How do I emphasize the good? Love and Logic says to concentrate on praising the good and brush over the weakness. So…. Little Johnny brings home his week’s work and your are looking over it, you might say……“A in Math? Great! D in Science? Think that might improve? Ok!“ You do this and, get this part, nothing else is said. (Gulp!)
So I keep telling myself:
Reinforce the positive. Ignore the negative. No one is good at everything. Most people are good at just a couple things.
If my son makes a bad grade can’t I lovingly reassure him that there will be other tests? If he habitually doesn’t study do I nag him or reassure him that 5th grade will be there again next year, allowing him to deal with the natural consequences of not studying! Or could I ask him, “What do you think about that?” or “What do you think you are going to do differently?” Toddlers walk at all different ages. But there is this norm for our kids to finish school in 12 years.
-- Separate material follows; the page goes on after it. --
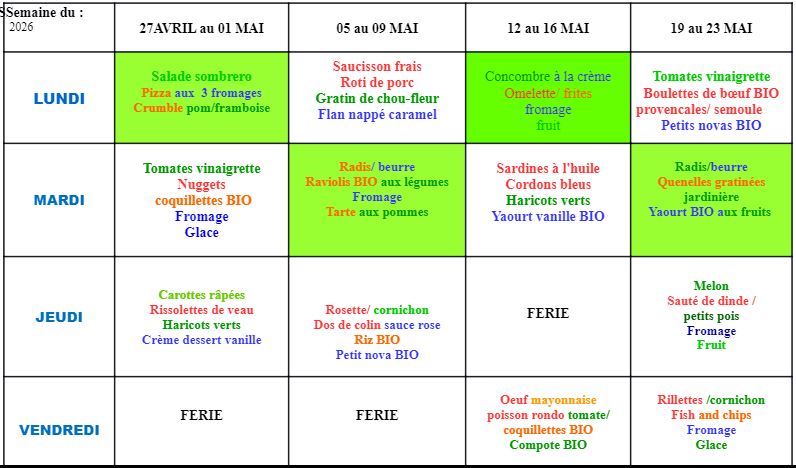 Menus Cantine : Mai 2026

- Might it be more acceptable that some kids finish school in 10 years and some in 14 years?
- Do we care if Little Johnny walked at 9 months and Little David at 14 months?
- Can I change my mindset so I am helping my kids develop and celebrate what they are good at by concentrating on those things?
What if we asked “Why did you get this problem right?” instead of “Why did you get that problem wrong?” Love and Logic says that when you ask the first question and it’s a harder question to answer. It makes the child think. So maybe you give him options like…..
- You either cheated OR
- You tried hard OR
- You’re getting better in Math
If he chooses, “I tried hard.” then it’s branded on his subconscious mind. No matter how many times we say, “You do better when you try hard!” it will not stick the way it does when he says it. And if we are looking over graded papers several times a week always asking the same question then he’s repeating that week after week. What does he learn? If I try hard I do well.
If we were to graph our strengths and weaknesses we’d most likely see something that looked like a mountain range. Love and Logic is teaching me that when we focus on what we do well the entire mountain range rises, both strengths and weaknesses. If self-image is the most important variable wouldn’t it make sense that strengths would naturally rise as would weaknesses because we have the confidence we need to try something we aren’t so good at!
So I’m trying to build my children’s self-images by concentrating on their strengths, not weaknesses. Praise the good; ignore the bad, while allowing natural consequences. And I’m doing the same in my own life! I certainly know things I do well and not so well, but when viewing myself as lovingly created by THE CREATOR the weaknesses are ok! That’s where HE shores me up!
(Much of this wisdom accredited to Love and Logic and the CD entitled Winning the Homework Battle by Jim Fay and Foster Cline, M.D.)